- **WHAT YOU ARE ASKED TO DO**: Exactly reproduce the lines from the one containing "Sur le banc" through the last line of the data, both ends included, leaving out pictures.

- **LISTED RECORDS**:
/---
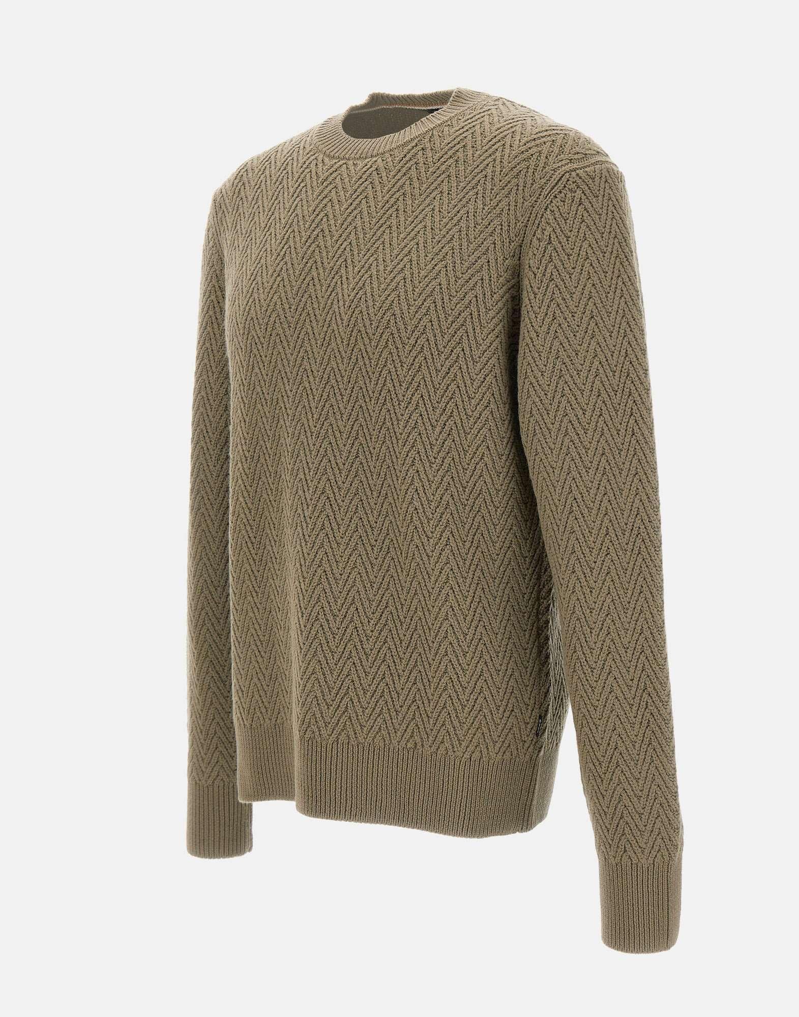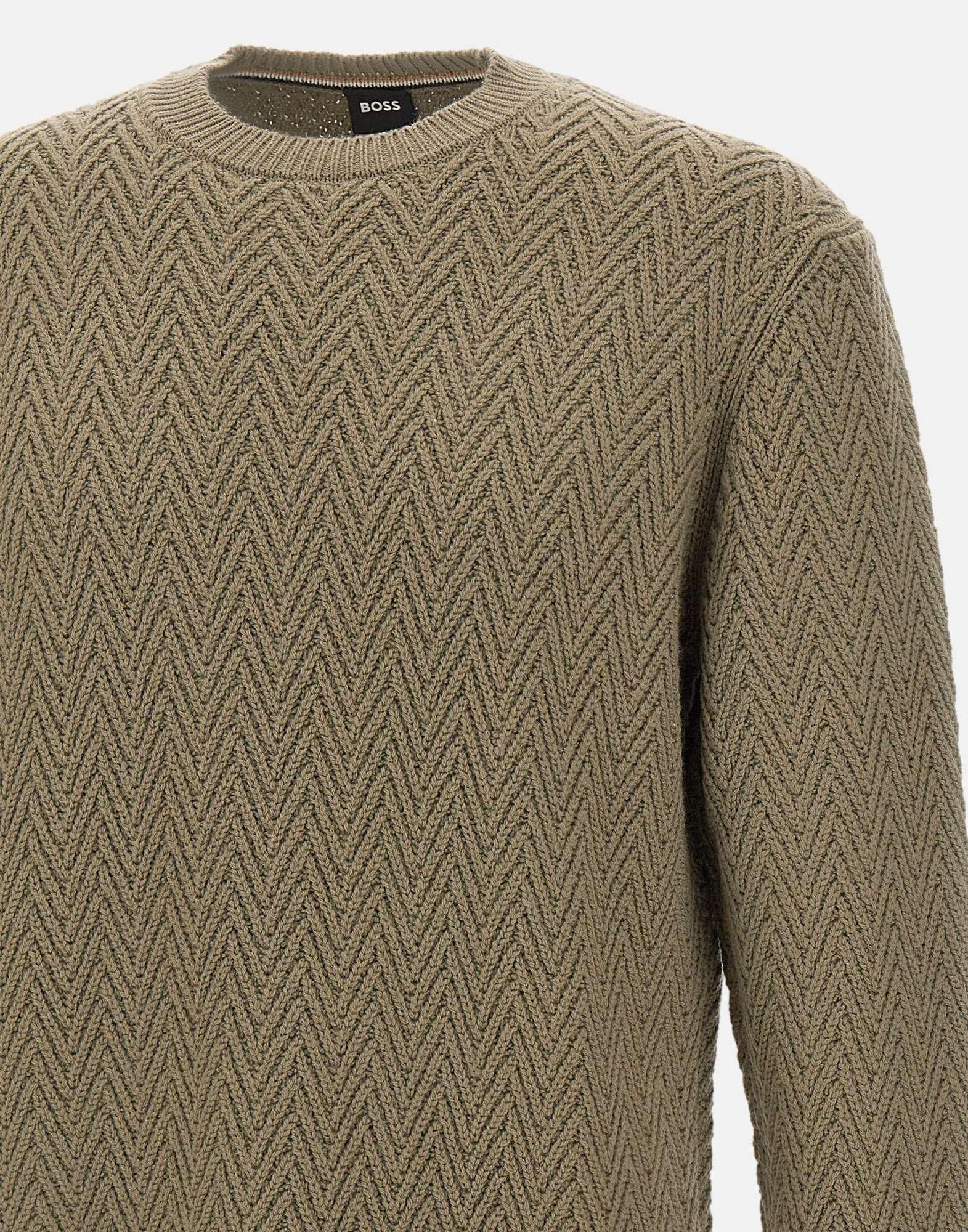 Maglione uomo Boss modello "H Hitalo", realizzato in lana color tortora. Il design presenta scollo tondo, maniche lunghe e lavorazione operata a spiga che dona raffinatezza alla texture. Rifinito con bordi a costine e mini etichetta logo applicata al fondo. Vestibilità relaxed.
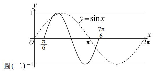 15. 若圖(二)中的實線是虛線y=sinx函數圖形經過平移與伸縮後的圖形,則圖(二)中的實線是下列哪一個函數完整一個週期的圖形? (A) (B)(C)(D)
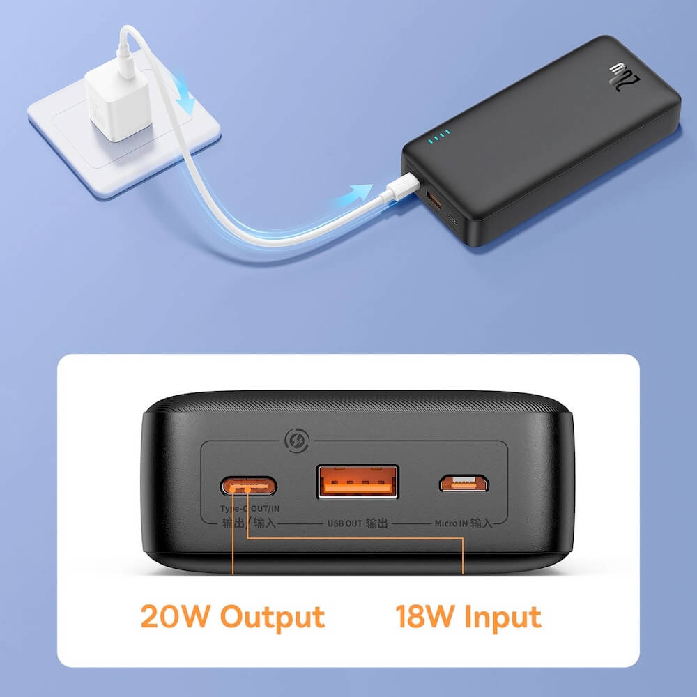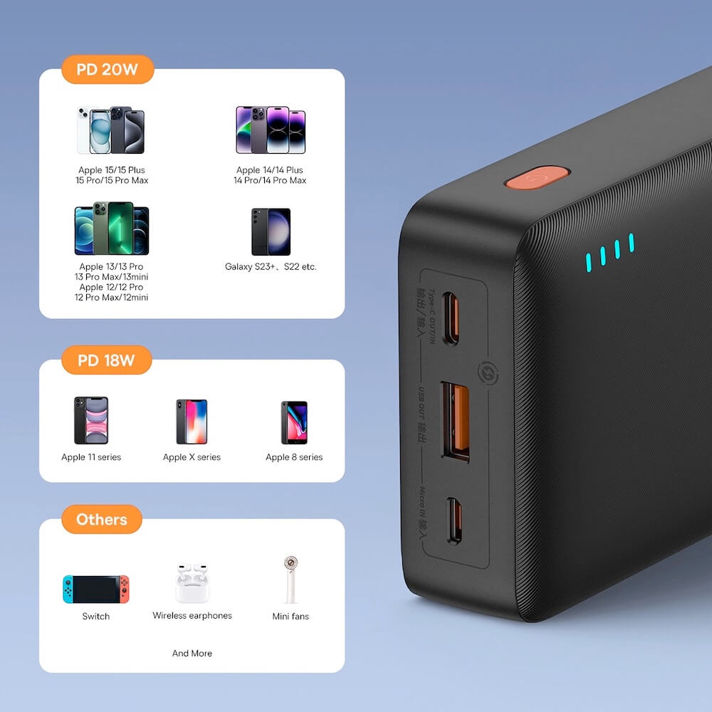 Благодарение на технологията PowerDelivery, вградена в USB-C порта, можете да зареждате съвместими устройства с до 20W мощност, което прави зареждането бързо и удобно. LED индикаторът показва текущото ниво на заряд, а вградените защити срещу презареждане и пренатоварване осигуряват безопасна употреба.
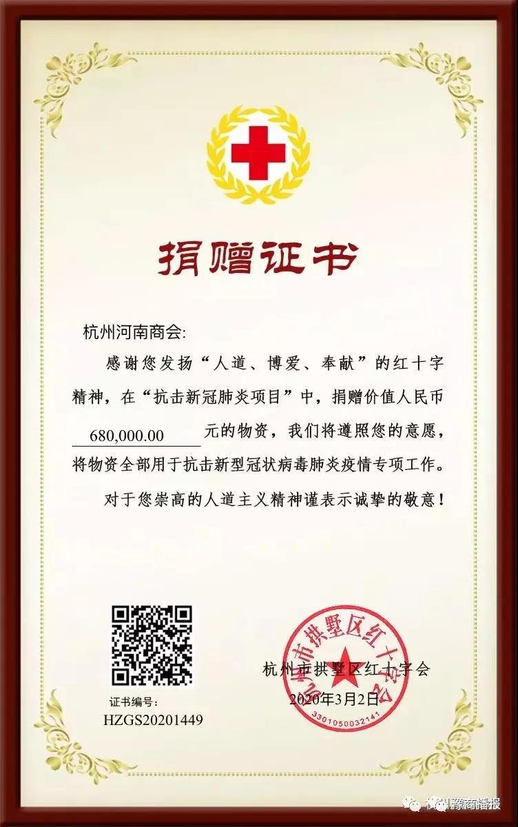 据杭州河南商会介绍,截止3月7日,杭州河南商会通过各种渠道向浙、豫两地及武汉捐赠款物共计2366198.80元,现金223300.00元,物资2142898.80元,其中向拱墅区红十字会捐赠物资680000.00元。
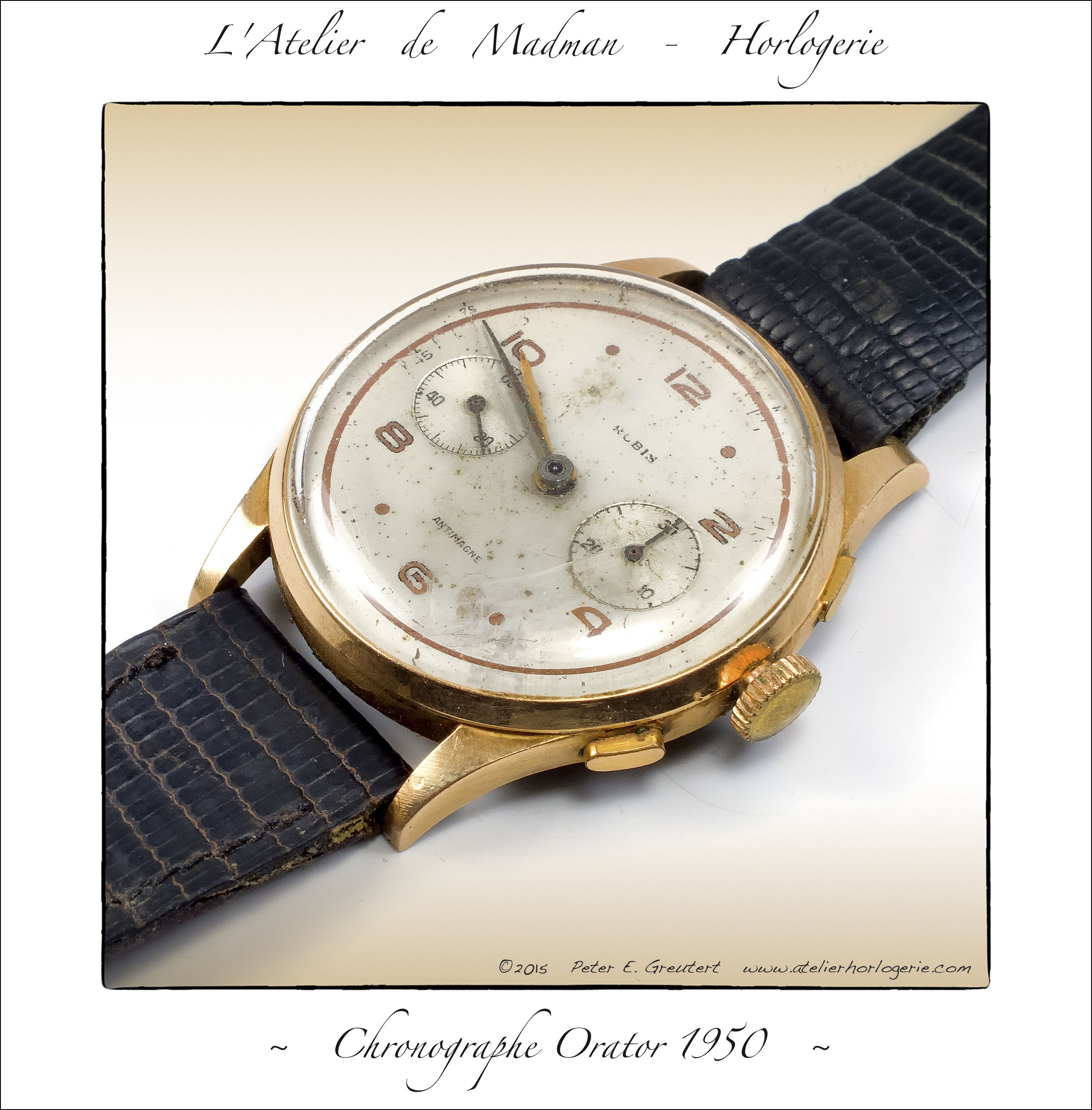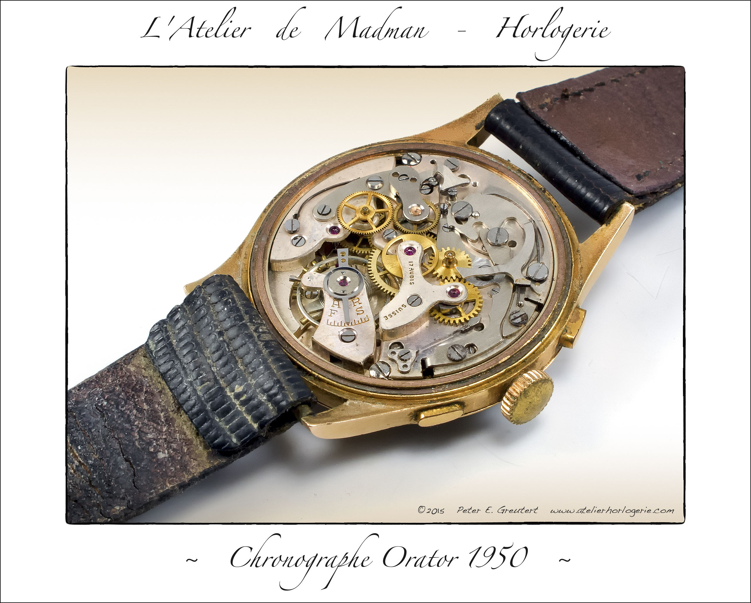 Sur le banc de l’Atelier, un nouveau projet de restauration : un Chronographe Orator des années 1940-50.
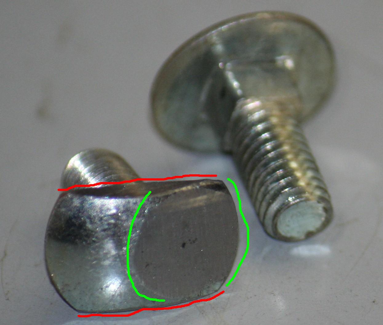 An den roten Markierungen habe ich den Kopf abgesägt, einfach mit der Eisensäge. Der Kopf ist dann noch ca. 10 mm breit. An der grünen Markierung habe ich den Kopf noch etwas flacher gefeilt, damit der Spiegelarm frei beweglich ist.
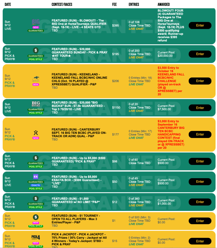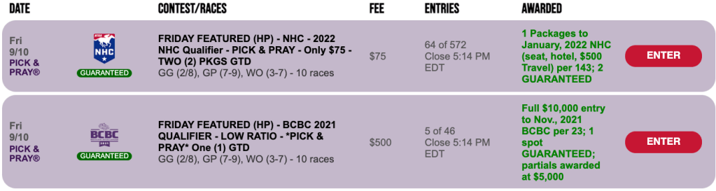 We’ll also have another Keeneland Fall BCBC/NHC Challenge qualifier (a Pick & Pray) on Sunday. It’ll have an entry fee of $206 and a winning ratio of 1-per-20. Winners garner a $3,500 entry to the October 16th tournament.
\---
- **ANSWER SECTION**:
 Sur le banc de l’Atelier, un nouveau projet de restauration : un Chronographe Orator des années 1940-50.
 An den roten Markierungen habe ich den Kopf abgesägt, einfach mit der Eisensäge. Der Kopf ist dann noch ca. 10 mm breit. An der grünen Markierung habe ich den Kopf noch etwas flacher gefeilt, damit der Spiegelarm frei beweglich ist.
 We’ll also have another Keeneland Fall BCBC/NHC Challenge qualifier (a Pick & Pray) on Sunday. It’ll have an entry fee of $206 and a winning ratio of 1-per-20. Winners garner a $3,500 entry to the October 16th tournament.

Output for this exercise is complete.